Well, in order to convey its meaning, the chapter must be intelligible; it must be written in a language common to reader and writer, in this case English; and this language must be written according to contemporary standards of word usage, grammar, sentence building, punctuation, paragraphing, so that the reader will not encounter improper obstacles to his effort of understanding the chapter’s meaning. But that is not enough. For the chapter is not a piece of information about familiar objects of the external world; rather, it seeks to communicate an act of participation in the quest for truth. Besides satisfying standards of intelligibility in the everyday sense of reference to objects, the language must be common in the sense of communicating the meanings in the area of the existential quest; it must be able to convey the meanings of a philosopher’s experience, meditation, and exegetic analysis.

This philosopher’s language, however, does not begin with the present chapter either, but has been structured by a millennial history of the philosophers’ quest for truth, a history that has not stopped at some point in the past but is continuing in the present effort between reader and writer. The social field constituted by the philosophers’ language, thus, is not limited to communication through the spoken and written word among contemporaries, but extends historically from a distant past, through the present, into the future.

The Paradox of Consciousness

By now the Beginning has wandered from the opening of the chapter to its end, from the end of the chapter to its whole, from the whole to the English language as the means of communication between reader and writer, and from the process of communication in English to a philosophers’ language that communicates among the participants in the millennial process of the quest for truth. And still the way of the beginning has not reached the end that would be intelligible as its true beginning; for the appearance of a “philosophers’ language” raises new questions concerning a problem that begins to look rather like a complex of problems.

There is something peculiar about the “philosophers’ language:” In order to be intelligible, it had to be spoken in one of the several ethnic, imperial, and national languages that have developed ever since antiquity, although it does not seem to be identical with any one of them; and yet, while it is not identical with any one of the considerable number of ancient and modern languages in which it has been spoken, they all have left, and are leaving, their specific traces of meaning in the language used, and expected to be understood, in the present chapter; but then again, in its millennial course the quest for truth has developed, and is still developing, a language of its own. What is the structure in reality that will induce, when experienced, this equivocal use of the term “language”?

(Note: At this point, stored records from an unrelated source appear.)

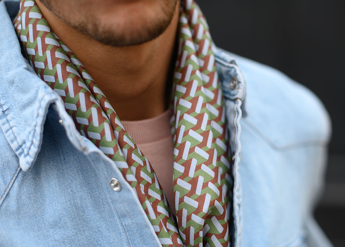 Nos foulards obéissent à une coupe en tube et s'enroulent en 8 autour du cou. La démonstration en vidéo !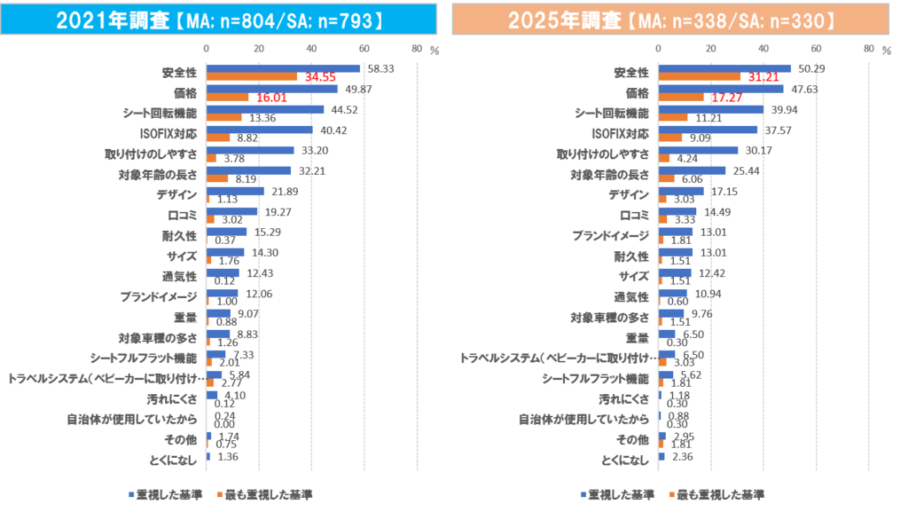 2025年調査における複数回答での重視基準は、「安全性」(50.29%)、「価格」(47.63%)、「シート回転機能」(39.94%)、「ISOFIX対応」(37.57%)の順で多く、安全かつ使いやすく、リーズナブルな製品が求められていることがわかる。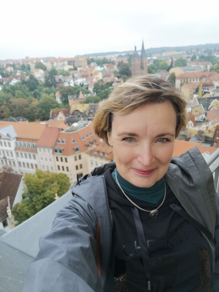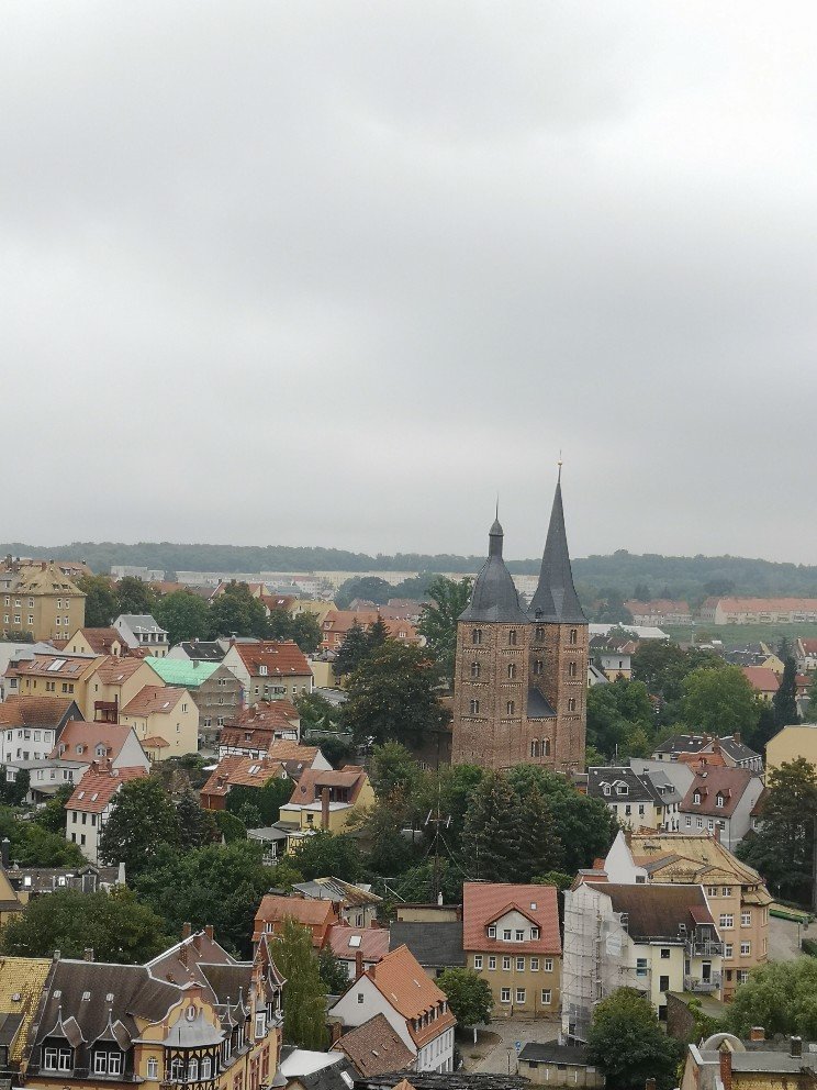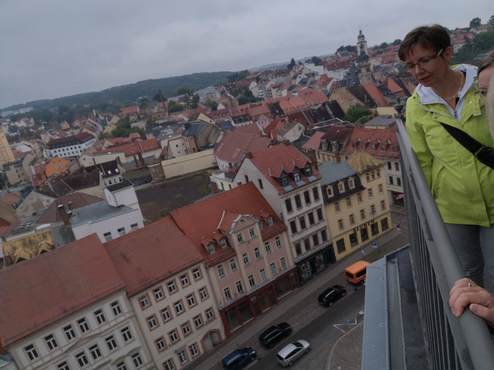 Sunday morning was also rainy, cloudy. Since we always meet on the second weekend in September, we can always take advantage of the Open Monument Day on Sunday. And Altenburg is full of them. Except that my train left for Leipzig at 12 o’clock and we always take a long time for breakfast. I was able to take in a church tower complete with turret flat. Up the steep stairs, around it once, down the steep stairs slowly again. Then I had to go.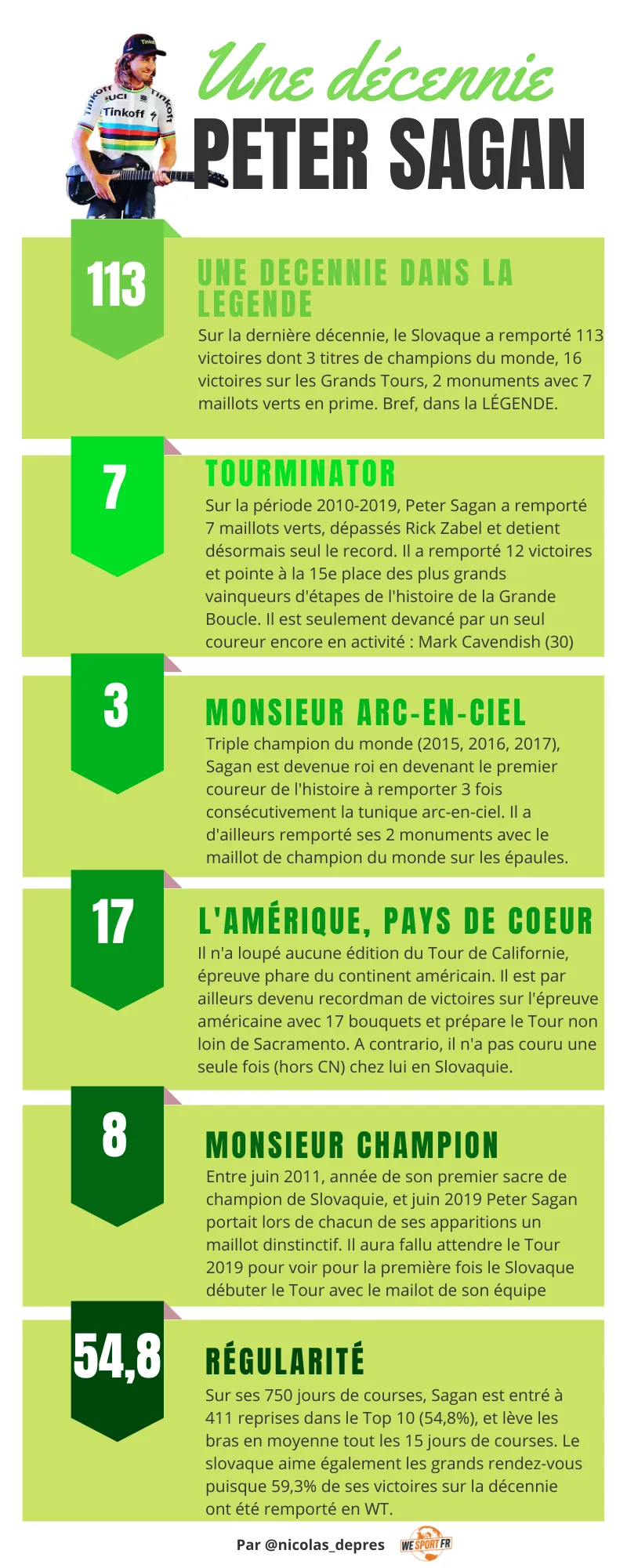 Victoires, maillots verts, titres mondiaux, monuments … Peter Sagan (Bora-Hansgrohe) est rentré dans la légende du cyclisme lors de la dernière décennie. Avec ses 113 victoires sur la période 2010-2019, il est la deuxième le plus victorieux où seul André Greipel (Israel Start-up) le devance. L’histoire du sprinter slovaque sur les dix dernières années en une infographie.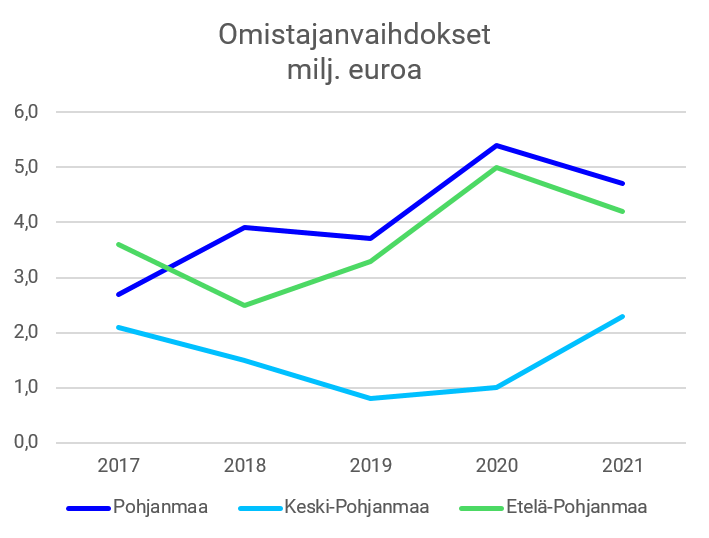 Pohjanmaalla ja Keski-Pohjanmaalla lähivuosina omistajanvaihdosta miettivien osuus kasvoi Pk-yritysbarometrin mukaan hieman, mikä ennakoi yrityskauppojen lisääntymistä lähitulevaisuudessa. Etelä-Pohjanmaalla omistajavaihdosta harkitsevien osuus oli laskussa. Omistajanvaihdokset ovat tärkeitä yrityskentän elinvoimaisuudelle. Finnvera oli vuonna 2021 rahoittamassa maakunnissa yhteensä 66 yrityksen (70) omistajanvaihdosta yhteensä 11 miljoonalla eurolla (11).
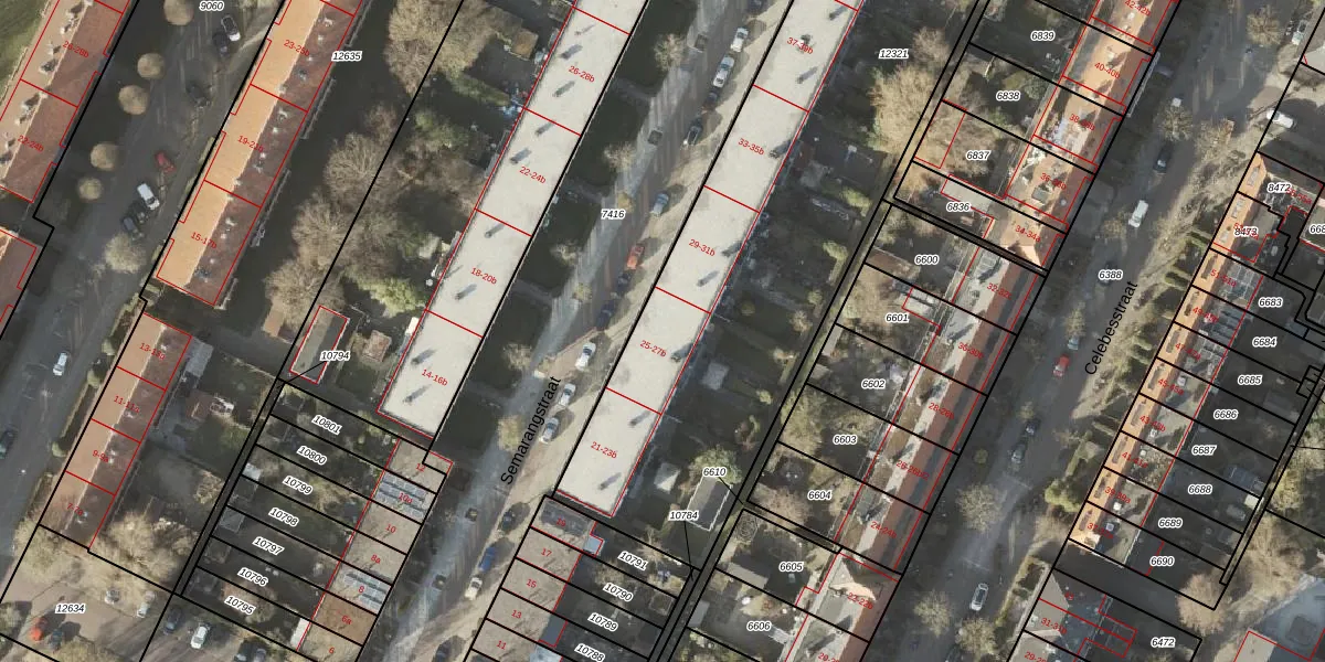 Het perceel waarop Semarangstraat 27-a staat heeft een oppervlakte van 3836 m². Dit is een zeer groot perceel. De perceeloppervlakte wordt geregistreerd door het Kadaster. Gedetailleerde informatie over de maten van dit perceel kunt u vinden in het rapport Kadastrale kaart met maatvoering van Semarangstraat 27-a.

The equivocation is induced by the paradoxical structure of consciousness and its relation to reality. On the one hand, we speak of consciousness as a something located in human beings in their bodily existence. In relation to this concretely embodied consciousness, reality assumes the position of an object intended. Moreover, by its position as an object intended by a consciousness that is bodily located, reality itself acquires a metaphorical touch of external thingness. We use this metaphor in such phrases as “being conscious of something,” “remembering or imagining something,” “thinking about something,” “studying or exploring something.” I shall, therefore, call this structure of consciousness its intentionality, and the corresponding structure of reality its thingness.

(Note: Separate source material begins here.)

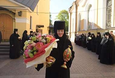 По окончании Литургии игумения Феофания (Мискина) от лица сестер Покровского монастыря и паломников приветствовала Святейшего Владыку и преподнесла Его Святейшеству икону святой Матроны Московской и букет цветов.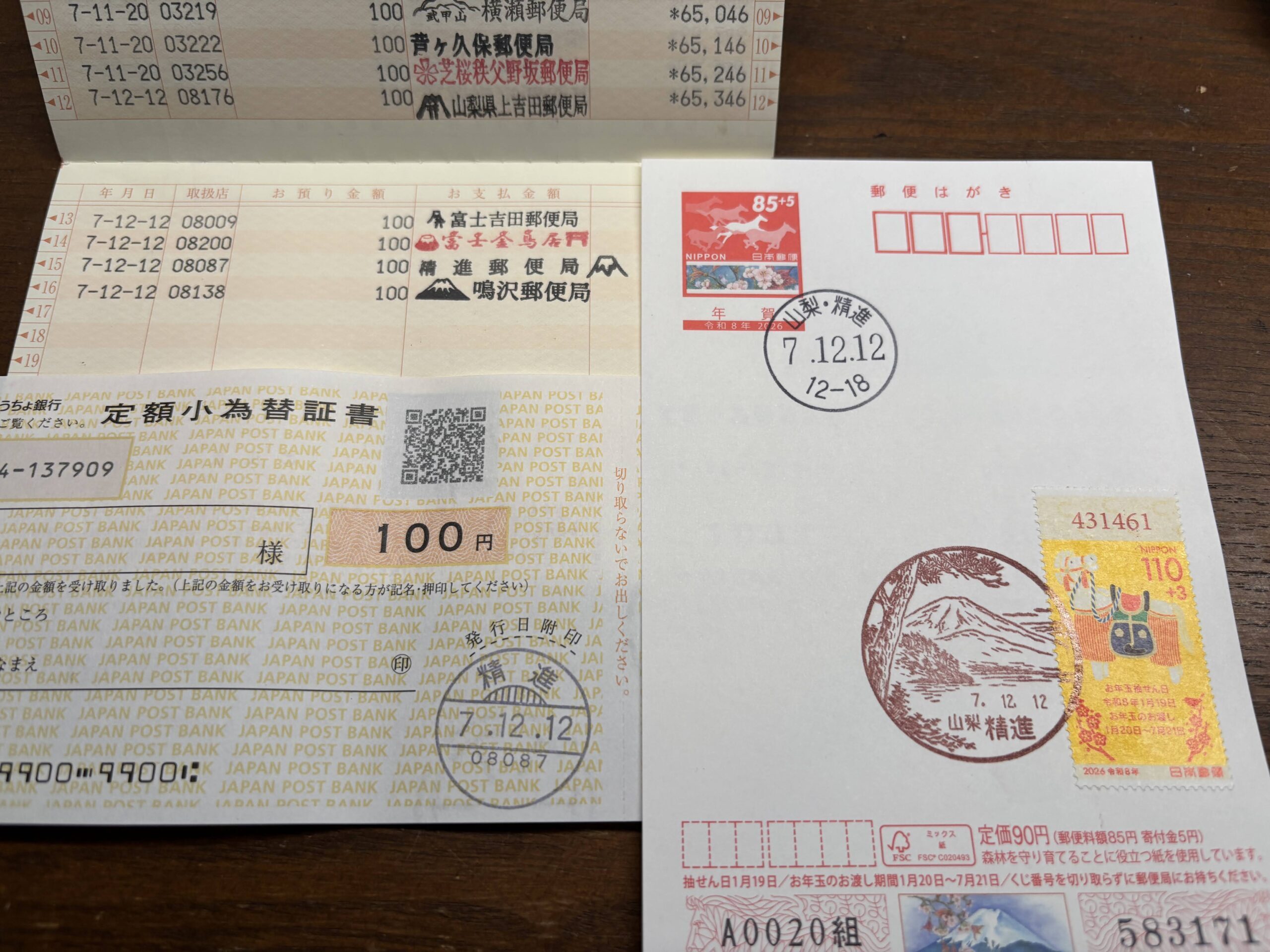 貯金して小為替を購入。今年の山梨版年賀はがきに和文印と押印してもらいます。

On the other hand, we know the bodily located consciousness to be also real; and this concretely located consciousness does not belong to another genus of reality, but is part of the same reality that has moved, in its relation to man’s consciousness, into the position of a thing-reality. In this second sense, then, reality is not an object of consciousness but the something in which consciousness occurs as an event of participation between partners in the community of being.

In the complex experience, presently in process of articulation, reality moves from the position of an intended object to that of a subject, while the consciousness of the human subject intending objects moves to the position of a predicative event in the subject “reality” as it becomes luminous for its truth. Consciousness, thus, has the structural aspect not only of intentionality but also of luminosity. Moreover, when consciousness is experienced as an event of participatory illumination in the reality that comprehends the partners to the event, it has to be located, not in one of the partners, but in the comprehending reality; consciousness has a structural dimension by which it belongs, not to man in his bodily existence, but to the reality in which man, the other partners to the community of being, and the participatory relations among them occur. If the spatial metaphor be still permitted, the luminosity of consciousness is located somewhere “between” human consciousness in bodily existence and reality intended in its mode of thingness.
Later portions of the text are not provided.